LONDON -- Royal Dutch Shell, the largest oil company in Europe, disappointed investors Thursday with fourth-quarter earnings that came in well below analysts' forecasts.
The company posted a profit of $5.6 billion after one-time items and inventory changes, up 15 percent from the fourth quarter of 2011. But analysts had expected earnings of about $6.3 billion.
Stuart Joyner, an analyst at Investec Securities in London, described the results as "a substantial miss." The company's shares closed 2.8 percent lower on the London Stock Exchange.
For the full year, Shell reported earnings of $25.1 billion, up 2 percent compared with 2011 results.

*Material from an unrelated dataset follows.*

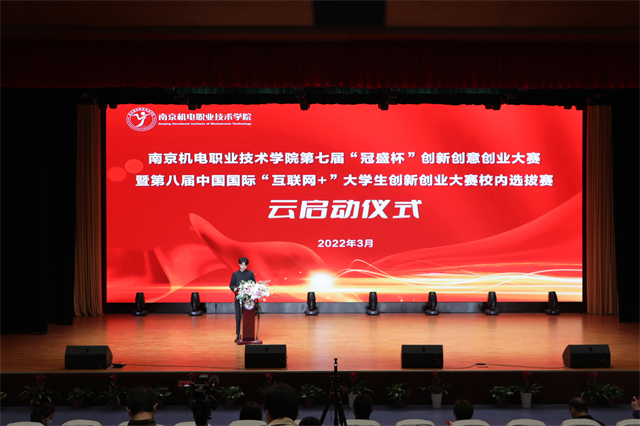 3月29日,由开云手机官方版页面登录入口和南京高等职业教育创新创业园联合主办,高淳区医疗器械行业协会协办,南京冠盛汽配有限公司冠名的第七届“冠盛杯”创新创意创业大赛暨第八届中国国际“互联网+”大学生创新创业大赛校内选拔赛启动仪式在开云手机官方版页面登录入口多功能厅举行。南京高等职业教育创新创业园主任孔桂红、南京冠盛汽配有限公司财务总监戢保平、开云手机官方版页面登录入口党委书记、院长周庆礼,党委委员、副院长刁爱军出席启动仪式。受疫情影响,本次大赛采用“云”启动仪式,在云端将创新的火种传递给每一位师生。

Perhaps more than any other energy company, Shell invests in huge oil and gas projects that it hopes will produce steady returns for decades. One example is Pearl GTL in Qatar, which takes natural gas from the emirate's enormous North Field and converts it into liquid fuels like diesel.
Peter Voser, the chief executive of Shell, said production at the gas-to-liquids facility exceeded 90 percent of capacity in the fourth quarter.
Pearl GTL cost around $20 billion, but it looks like it will be a big moneymaker for decades to come. And because its products are pegged to oil prices, it gives Shell and Qatar a hedge against lower gas prices.
"We are on track despite some headwinds in 2012," Voser said in a call with analysts Thursday.
Voser, who comes from a financial background, made his reputation helping to turn around the Swiss machinery-maker ABB a decade ago. He was appointed Shell's chief financial officer in 2004 and was named chief executive in 2009.
Voser said his goal was to deliver $175 billion to $200 billion of total cash flow from operations for 2012-15, a 30 to 50 percent increase over the previous four-year period.
Still, there are reasons to worry about Shell. The fourth-quarter letdown was largely because of lower earnings in Shell's core exploration and production business, mainly caused by weak performance in the Americas.
Shell's prominent, multibillion-dollar Alaska drilling program has encountered several snags and delays, including the running aground of the Kulluk drilling vessel on an uninhabited island in December. Voser said that the Kulluk had been damaged and that another drilling vessel required upgrades. Shell is still considering its next steps in Alaska, he said.
Shell is also being hurt by U.S. natural gas prices, which have been pushed down by the boom in shale gas production. Declining prices have led it to switch strategies and drill for gas deposits that are rich in liquids, which bring in more money than gas.
Low gas prices raise questions about Shell's huge bets on the fuel. Voser said the low prices in North America appeared likely to persist but were an opportunity for Shell's so-called integrated gas business, which is devoted primarily to liquefied natural gas and gas-to-liquids projects. These businesses earned $9.4 billion in 2012, up from $6.4 billion in 2011.